#### Prompt
With the pictures omitted, set down exactly the lines from the one that contains "Tổng số tiền" through the last line of the data.

Data START

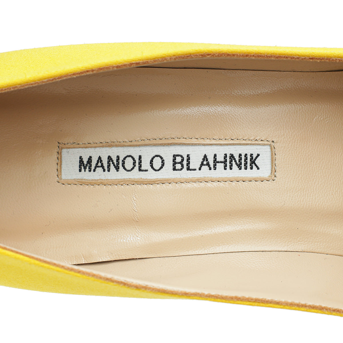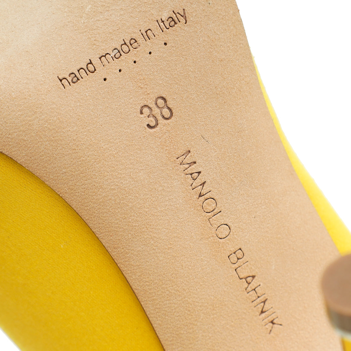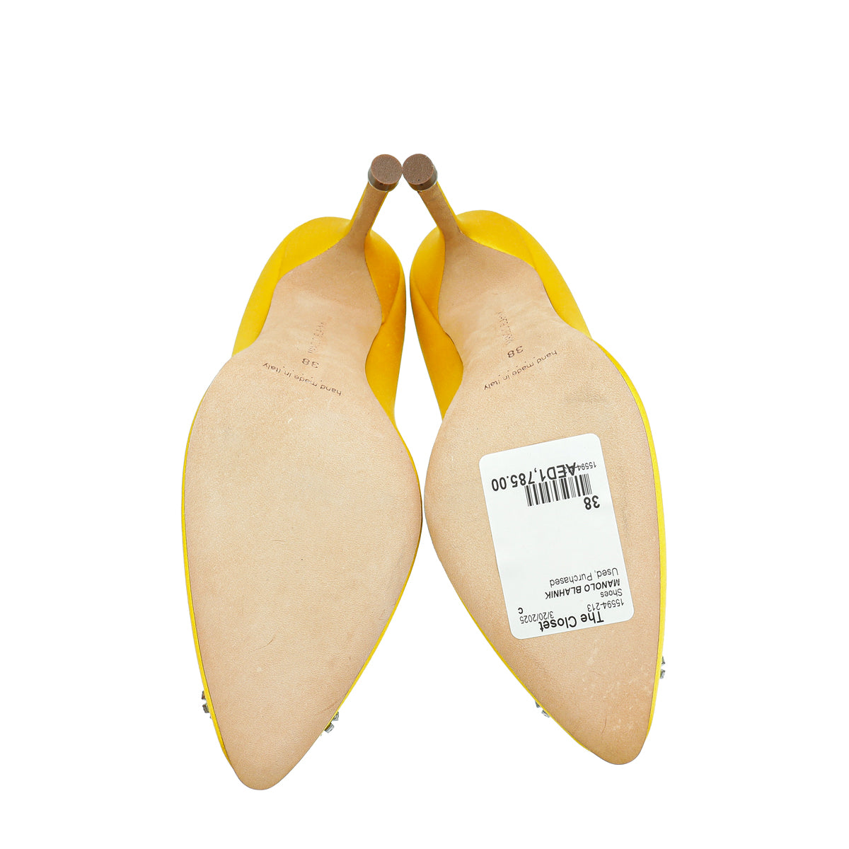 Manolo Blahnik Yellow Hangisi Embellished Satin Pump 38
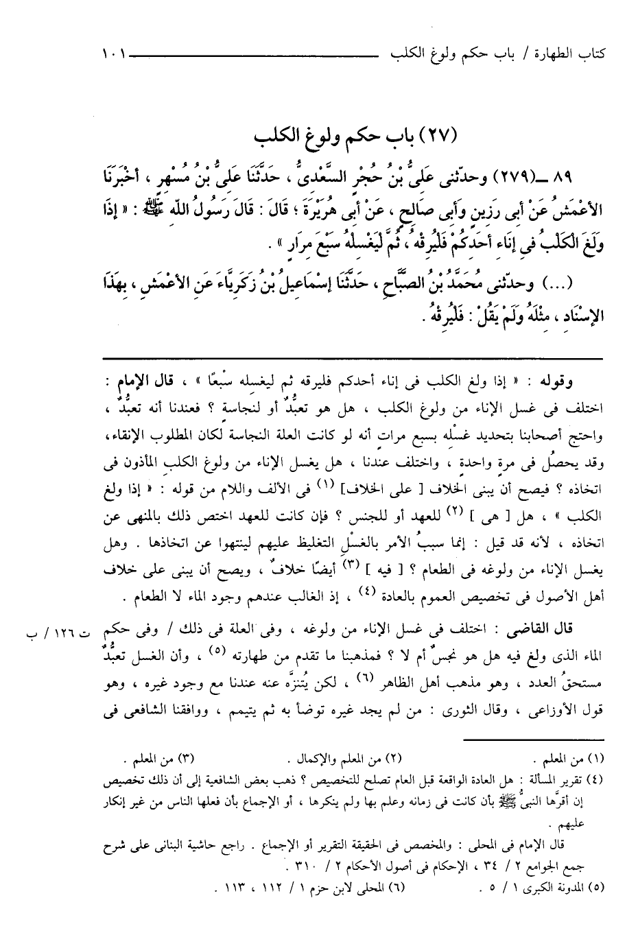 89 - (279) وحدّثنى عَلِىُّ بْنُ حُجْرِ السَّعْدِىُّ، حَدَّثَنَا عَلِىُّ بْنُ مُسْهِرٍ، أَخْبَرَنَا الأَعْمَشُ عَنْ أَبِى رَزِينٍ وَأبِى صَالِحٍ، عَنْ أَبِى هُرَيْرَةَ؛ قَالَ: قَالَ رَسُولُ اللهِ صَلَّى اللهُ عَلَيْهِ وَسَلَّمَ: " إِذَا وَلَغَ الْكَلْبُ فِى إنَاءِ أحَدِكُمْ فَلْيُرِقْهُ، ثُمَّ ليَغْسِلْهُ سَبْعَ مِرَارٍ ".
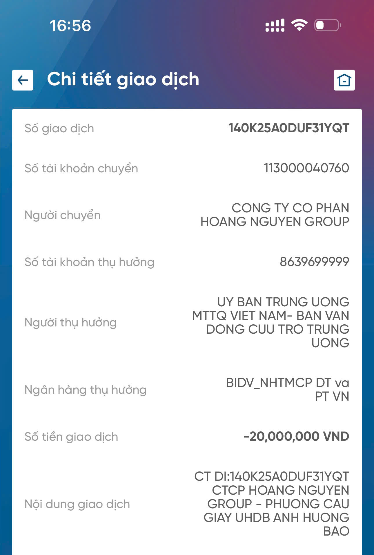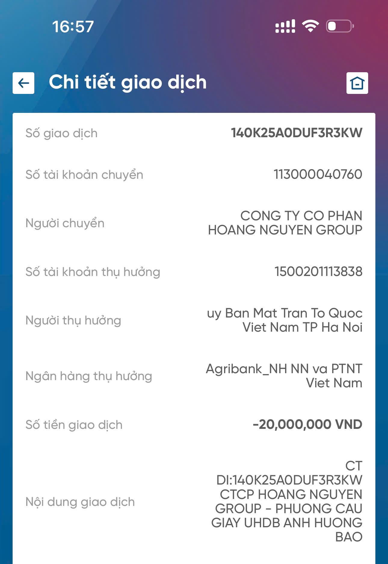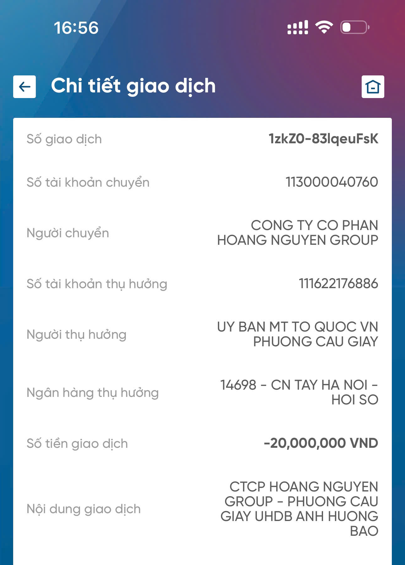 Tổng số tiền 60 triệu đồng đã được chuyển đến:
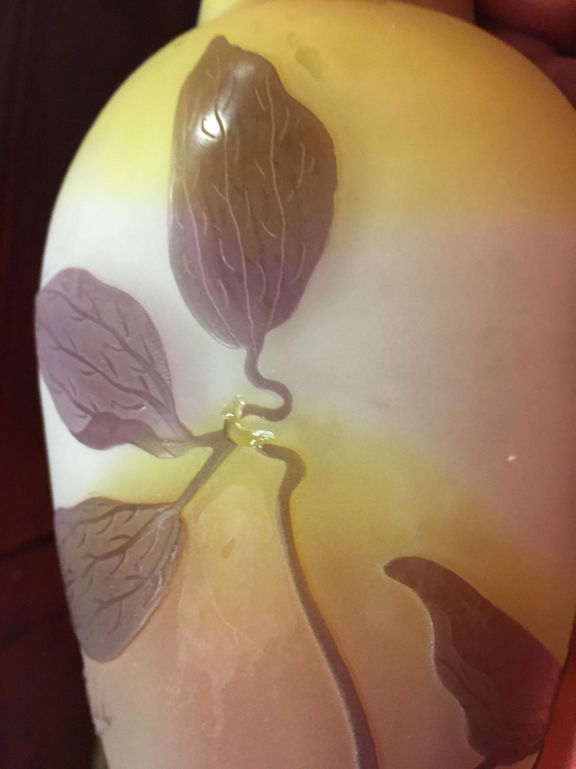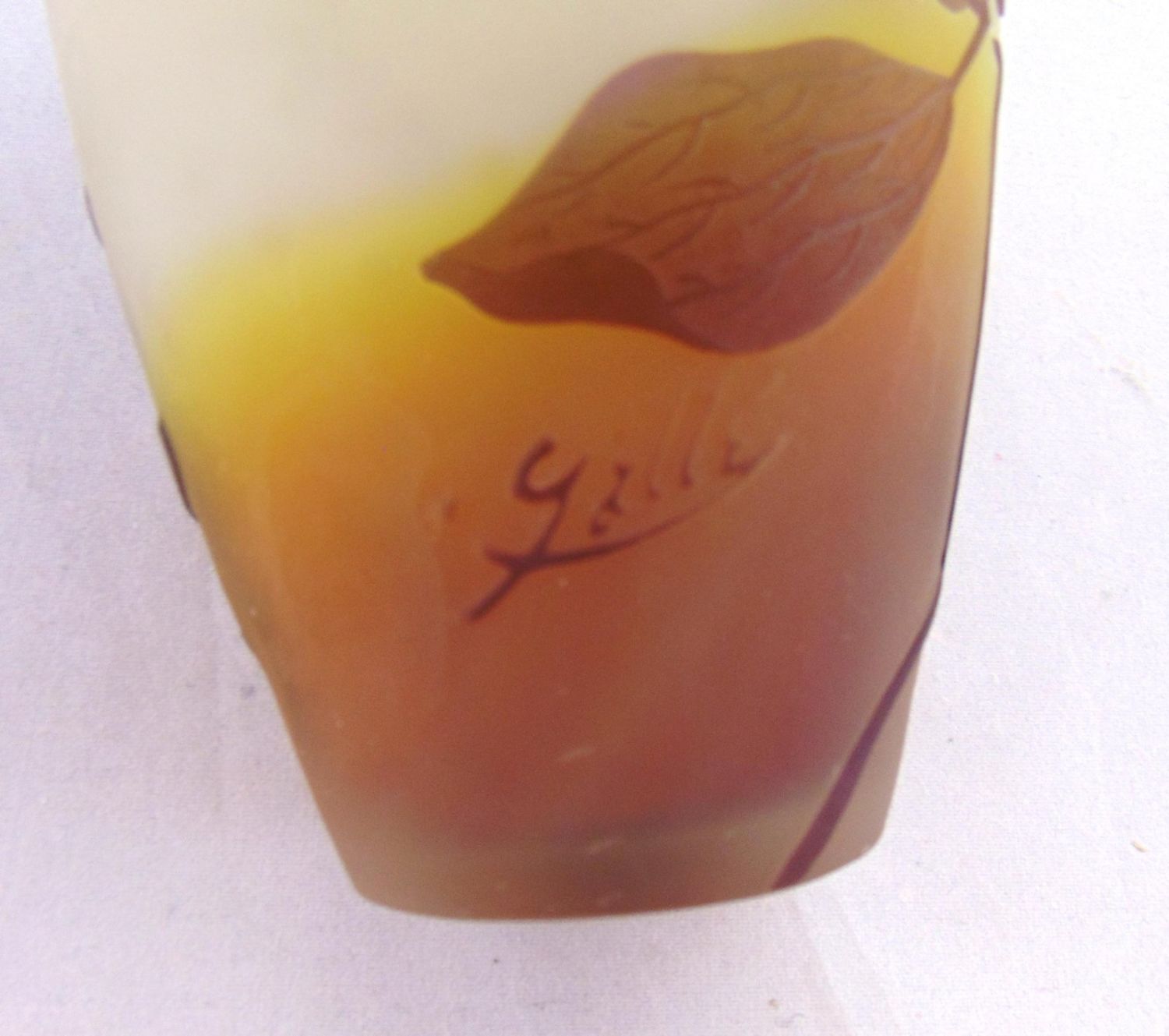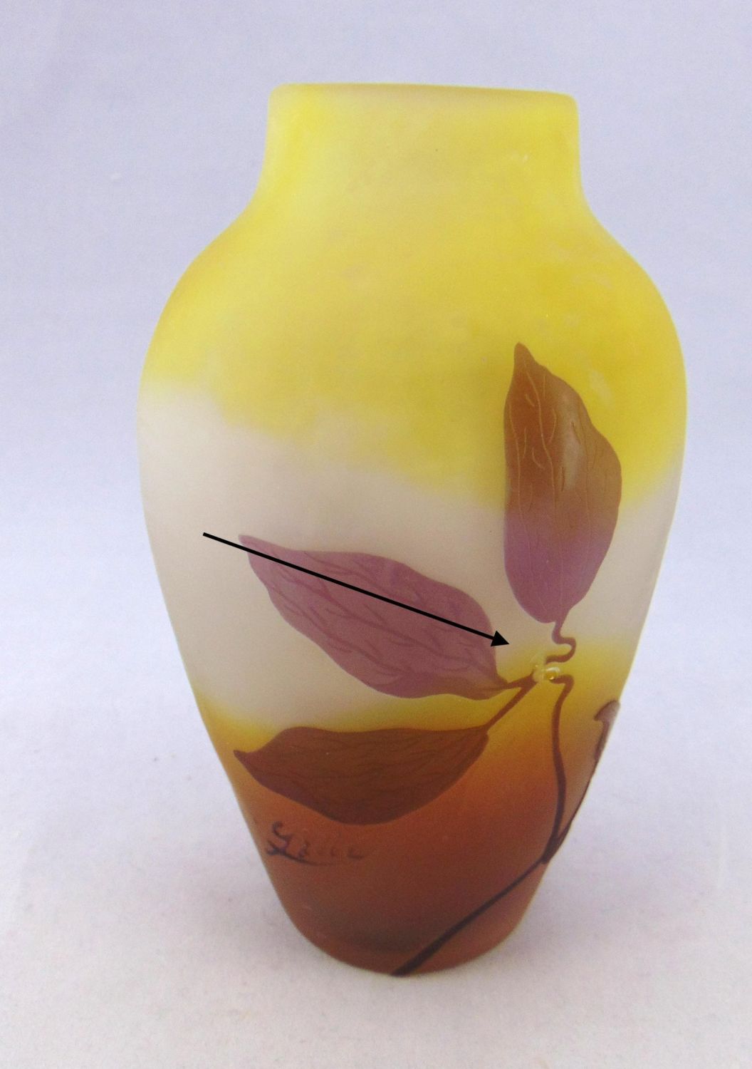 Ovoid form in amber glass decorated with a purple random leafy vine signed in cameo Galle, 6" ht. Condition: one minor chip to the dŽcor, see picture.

Data END

#### Exercise answer
 Tổng số tiền 60 triệu đồng đã được chuyển đến:
 Ovoid form in amber glass decorated with a purple random leafy vine signed in cameo Galle, 6" ht. Condition: one minor chip to the dŽcor, see picture.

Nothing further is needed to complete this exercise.